━━ THE INPUT ━━

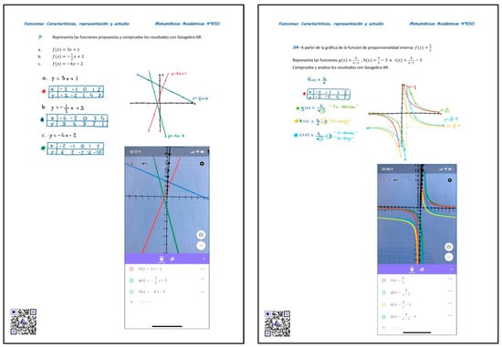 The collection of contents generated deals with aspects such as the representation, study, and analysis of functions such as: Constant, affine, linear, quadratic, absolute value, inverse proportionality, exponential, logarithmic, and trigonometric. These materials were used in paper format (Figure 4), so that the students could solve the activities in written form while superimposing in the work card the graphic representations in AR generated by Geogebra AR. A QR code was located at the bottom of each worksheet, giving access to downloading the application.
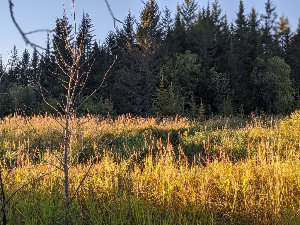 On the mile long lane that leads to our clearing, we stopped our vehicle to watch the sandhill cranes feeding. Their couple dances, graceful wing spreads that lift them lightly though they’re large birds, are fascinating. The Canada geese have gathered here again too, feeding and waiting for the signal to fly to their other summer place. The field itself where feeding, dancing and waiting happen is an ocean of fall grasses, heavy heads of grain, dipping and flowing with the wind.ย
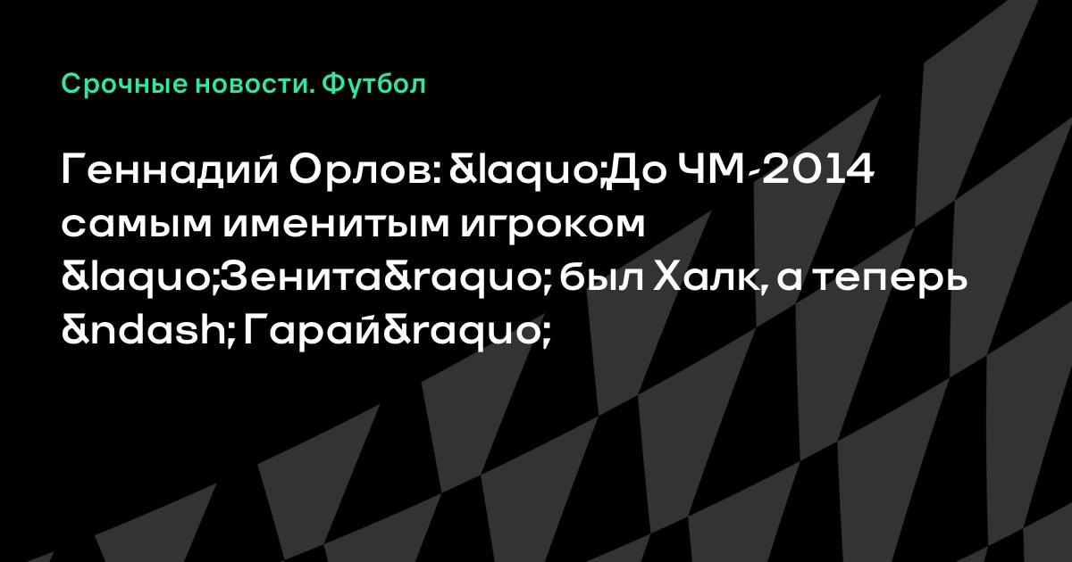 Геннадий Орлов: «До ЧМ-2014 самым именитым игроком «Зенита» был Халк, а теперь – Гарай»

━━━
━━ THE INPUT ━━

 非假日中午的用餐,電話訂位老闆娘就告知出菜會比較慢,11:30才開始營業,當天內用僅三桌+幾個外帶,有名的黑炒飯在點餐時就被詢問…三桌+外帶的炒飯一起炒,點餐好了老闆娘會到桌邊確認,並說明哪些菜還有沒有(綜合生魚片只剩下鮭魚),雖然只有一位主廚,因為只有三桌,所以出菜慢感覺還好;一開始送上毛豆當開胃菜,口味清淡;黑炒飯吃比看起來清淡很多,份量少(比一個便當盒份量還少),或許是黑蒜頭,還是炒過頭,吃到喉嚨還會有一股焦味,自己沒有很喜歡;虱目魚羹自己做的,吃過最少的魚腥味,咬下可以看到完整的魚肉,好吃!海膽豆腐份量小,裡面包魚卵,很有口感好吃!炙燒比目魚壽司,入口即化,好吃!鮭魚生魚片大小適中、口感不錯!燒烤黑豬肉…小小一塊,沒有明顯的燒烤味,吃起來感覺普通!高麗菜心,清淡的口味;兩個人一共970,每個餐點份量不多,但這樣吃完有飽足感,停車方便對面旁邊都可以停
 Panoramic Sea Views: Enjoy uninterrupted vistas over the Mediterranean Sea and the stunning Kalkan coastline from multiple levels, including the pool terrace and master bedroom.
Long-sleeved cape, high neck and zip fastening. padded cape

━━━

WORK REQUEST
Excluding any pictures, print exactly the lines of the listing above from the line with "On the mile" to the line with "ЧМ-2014 самым именитым", both ends included.

RESPONSE
 On the mile long lane that leads to our clearing, we stopped our vehicle to watch the sandhill cranes feeding. Their couple dances, graceful wing spreads that lift them lightly though they’re large birds, are fascinating. The Canada geese have gathered here again too, feeding and waiting for the signal to fly to their other summer place. The field itself where feeding, dancing and waiting happen is an ocean of fall grasses, heavy heads of grain, dipping and flowing with the wind.ย
 Геннадий Орлов: «До ЧМ-2014 самым именитым игроком «Зенита» был Халк, а теперь – Гарай»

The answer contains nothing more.